■ Your goal
Leaving out the pictures, output the lines from the one that contains "Зуб. Акула. Eostriatolamia" through the end of the material, exactly as they stand.

■ Input data
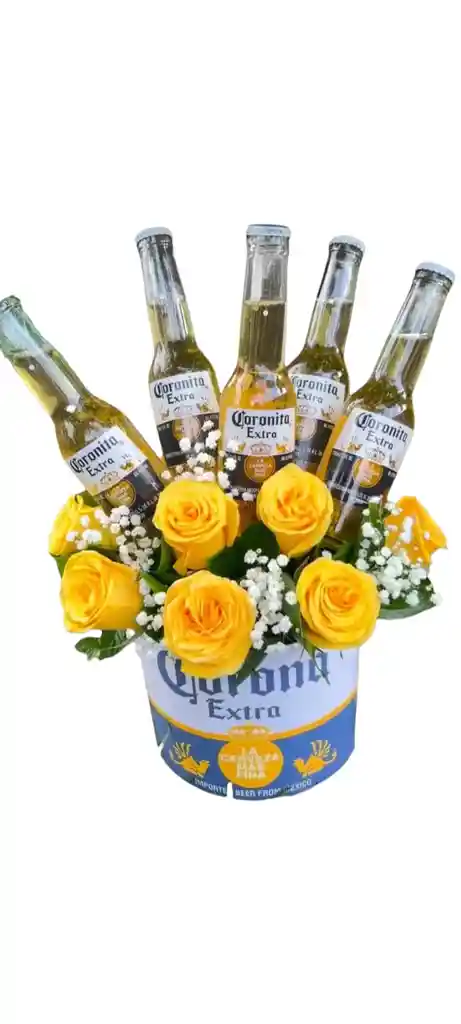 Contiene 6 rosas amarillas 5 Coronitas. follaje Tarjeta personalizada
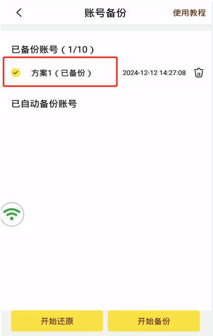 选择已备份好的方案,点击【开始恢复】按钮,完成对账号的的恢复。
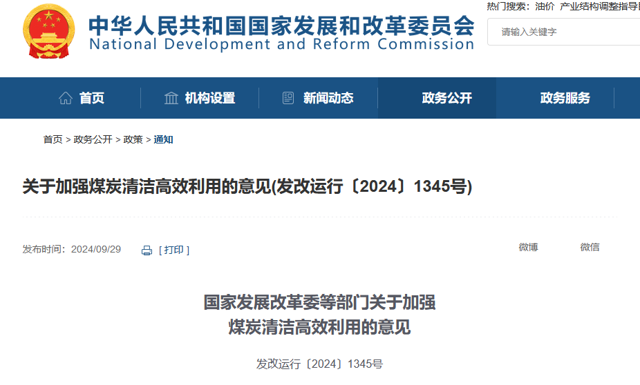 9月29日,《國家發展改革委等部門關于加強煤炭清潔高效利用的意見》印發,文件提出:“提高儲運清潔化水平。持續推進煤炭運輸“公轉鐵”、“公轉水”,鼓勵從礦區源頭開展“散改集”。進一步提高煤炭主產區中長距離煤炭鐵路運輸比例,打造以鐵路、水路為骨干的多式聯運體系,有效防治運輸中的揚塵污染。鼓勵采用封閉式皮帶廊道、管道、管狀帶式輸送機和電動、氫能等新能源車輛短距離運輸煤炭。提高生產、流通和消費各環節儲煤設施清潔環保水平。提升沿海、沿江港口綠色集疏運比例,依法推動船舶靠港常態化使用岸電。” “有序發展煤炭原料化利用。加強煤基新材料應用創新,優化調整產品結構,加快煤基新型合成材料、先進碳材料、可降解材料等高端化工產品技術開發應用。加快煤制油氣戰略基地建設。加強煤制油氣等產能和技術儲備。推動煤化工與綠電、綠氫、儲能、二氧化碳捕集利用與封存等耦合發展,打造低碳循環的煤炭高效轉化產業鏈,促進煤化工產業高端化、多元化、低碳化發展。” 原文如下: 國家發展改革委等部門關于加強煤炭清潔高效利用的意見 發改運行〔2024〕1345號 各省、自治區、直轄市人民政府,國務院有關部委、有關直屬機構: 煤炭清潔高效利用是在煤炭開發、生產、儲運、使用全產業鏈各環節,綜合運用先進技術和管理等手段,控制和減少污染物及碳排放,提高煤炭利用效率的活動,對于充分發揮煤炭兜底保障作用,促進能源綠色低碳轉型,發展新質生產力具有重要意義。為貫徹落實黨中央、國務院決策部署,確保能源安全,更好支撐保障高質量發展,推動實現碳達峰碳中和目標,經國務院同意,現就加強煤炭清潔高效利用提出如下意見。 一、總體要求 堅持以習近平新時代中國特色社會主義思想為指導,深入貫徹黨的二十大和二十屆二中、三中全會精神,完整準確全面貫徹新發展理念,統籌發展和安全,充分發揮市場在資源配置中的決定性作用,更好發揮政府作用,立足我國以煤為主的能源資源稟賦,堅持目標導向和問題導向相結合,堅持系統觀念,以減污降碳、提高能效為主攻方向,以創新技術和管理為動力,以完善政策和標準為支撐,全面加強煤炭全鏈條清潔高效利用。 到2030年,煤炭綠色智能開發能力明顯增強,生產能耗強度逐步下降,儲運結構持續優化,商品煤質量穩步提高,重點領域用煤效能和清潔化水平全面提升,與生態優先、節約集約、綠色低碳發展相適應的煤炭清潔高效利用體系基本建成。 二、構建綠色協同的開發體系 (一)加強煤炭資源勘查。強化基礎性、公益性煤炭地質調查,鼓勵企業開展商業性勘查,完善勘查、開發、利用收益共享機制。運用綠色勘查技術,加強煤炭資源分類分級評價和煤礦精細化勘查,加大大型整裝煤田地質勘探與評價工作力度,為煤炭綠色智能高效開發和產能平穩接續提供地質保障。加強煤與煤層氣、戰略性金屬礦產等共伴生資源綜合勘查。 (二)優化礦區規劃布局。統籌資源稟賦、輸送通道、消費需求等因素,依據國土空間規劃,落實“三區三線”空間管控要求,科學謀劃煤炭產能布局,加強煤炭礦區總體規劃管理。落實生態環境分區管控要求,嚴格開展規劃環評,優先避讓環境敏感區。合理規劃黃河流域煤炭產業發展,依法開展水資源論證。推動礦區資源、生態、經濟協調發展,高標準建設山西、蒙西、蒙東、陜北、新疆五大煤炭供應保障基地。 (三)推動煤炭集約高效開發。將綠色開發理念和集約化規模化開發原則貫穿煤礦設計、建設、生產全過程。因地制宜推廣綠色開采技術。科學劃分礦區井(礦)田,合理確定煤礦建設規模,科學設置禁采限采區域,建設一批符合生態環保要求、資源條件好、安全保障程度高、智能高效的大型特大型煤礦。加強煤與共伴生資源協同開發。 三、構建安全環保的生產體系 (四)加快煤礦安全智能化發展。新建煤礦原則上按照智能化標準設計建設,大型煤礦和災害嚴重煤礦要加快智能化改造,具備條件的要實現采掘系統智能化。重點推進開采系統智能決策自主運行、掘進系統工藝設備高效協同,采掘工作面實現超視遠程控制與現場少人無人,推廣應用固定場所無人值守、危險繁重崗位機器人替代,提升煤礦安全高效生產管理水平。 (五)提升清潔生產水平。新建煤礦應當同步建設配套的洗選設施,加快現有洗選設施改造升級,大力淘汰落后洗選產能。修訂煤層氣(煤礦瓦斯)排放標準,加強瓦斯綜合利用。以地級市為主體統籌礦井水綜合利用,因地制宜建設集中處理利用項目,加強礦井水處理先進技術裝備應用。加強煤矸石分質分類利用處置,支持煤矸石規模化、無害化、高值化利用。 (六)推進節能環保升級。健全煤礦節能降碳標準體系,促進高能效技術和設備應用以及余熱、余壓等資源綜合利用,深入挖掘生產系統節能潛力,合理降低煤礦生產能耗。煤炭企業嚴格落實環境保護和生態修復主體責任,足額提取礦山地質環境治理恢復基金,確保專款專用。創新礦區循環經濟發展模式,鼓勵利用采煤沉陷區和關閉退出煤礦的工業廣場、排土場、巷道等地上地下空間發展新能源、儲能和碳匯林草。 四、構建清潔完善的儲運體系 (七)優化煤炭儲運網絡。不斷完善煤炭鐵路運輸網絡,提高大中型煤炭企業鐵路專用線接入比例,加快既有運煤鐵路擴能改造,完
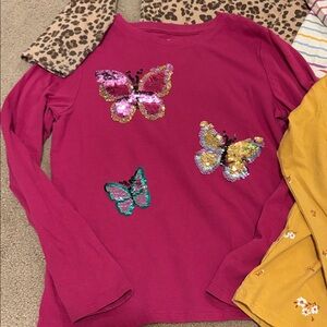 Lot of four long sleeve shirts. Includes leopard print, colorful stripes, pink with sequin butterflies, and mustard with floral design.
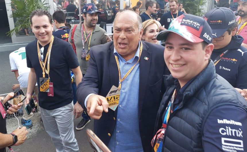 Antonio Pérez Garibay hizo su aparición a unos minutos de que arrancará la segunda prueba libre en el Autódromo de los Hermanos Rodríguez, se dio tiempo de acercase a los asistentes e invitarlos a festejar dando por hecho que su hijo ganará este Premio.
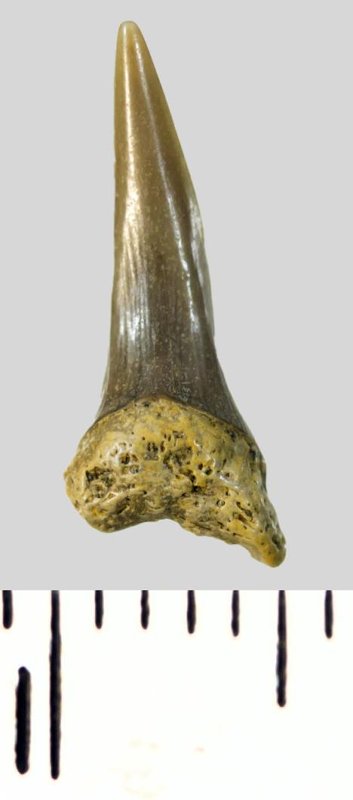 Зуб. Акула. Eostriatolamia subulata (Agassiz, 1843). Классификация: Хордовые Chordata, Позвоночные Vertebrata, Хрящевые рыбы Chondrichthyes, Пластиножаберные Elasmobranchii, Акулы Selachii, Ламнообразные Lamniformes, Песчаные акулы Odontaspididae
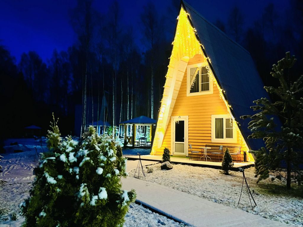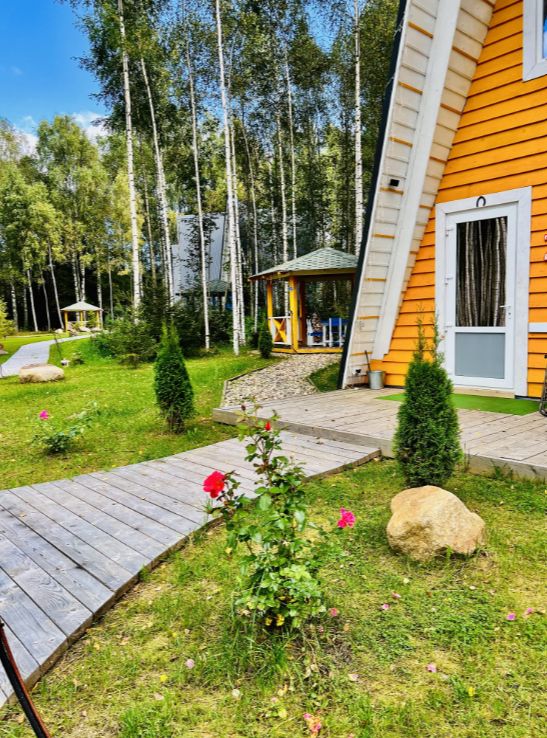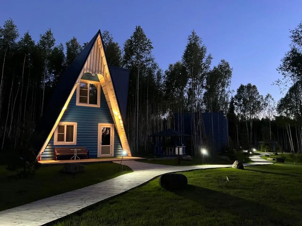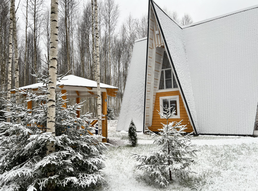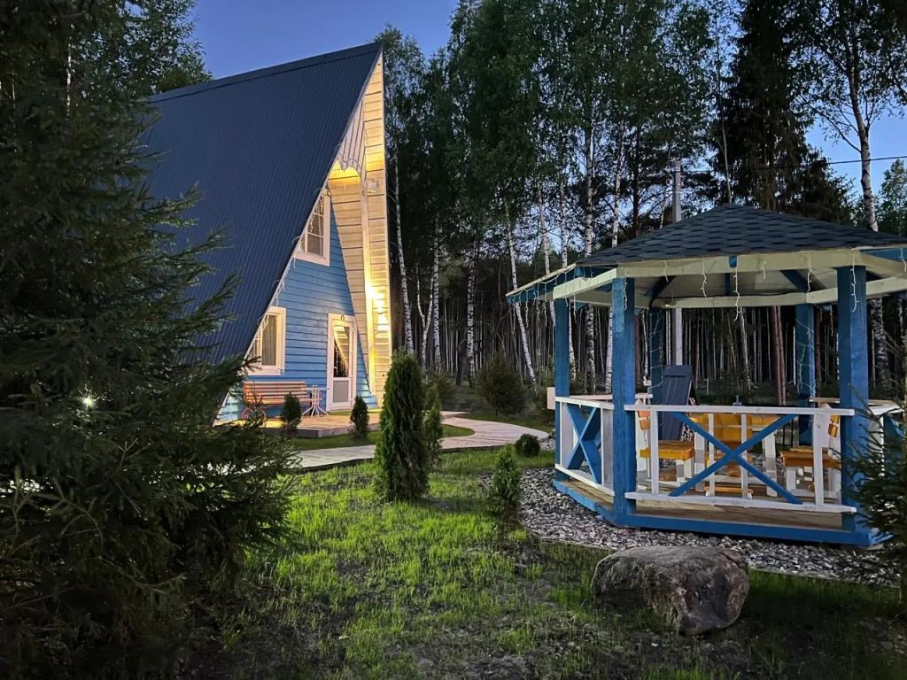 Комфортабельный дом А-Frame с мансардой, террасой, индивидуальной беседкой, расположен в лесном массиве.

■ Response to this task
 Зуб. Акула. Eostriatolamia subulata (Agassiz, 1843). Классификация: Хордовые Chordata, Позвоночные Vertebrata, Хрящевые рыбы Chondrichthyes, Пластиножаберные Elasmobranchii, Акулы Selachii, Ламнообразные Lamniformes, Песчаные акулы Odontaspididae
 Комфортабельный дом А-Frame с мансардой, террасой, индивидуальной беседкой, расположен в лесном массиве.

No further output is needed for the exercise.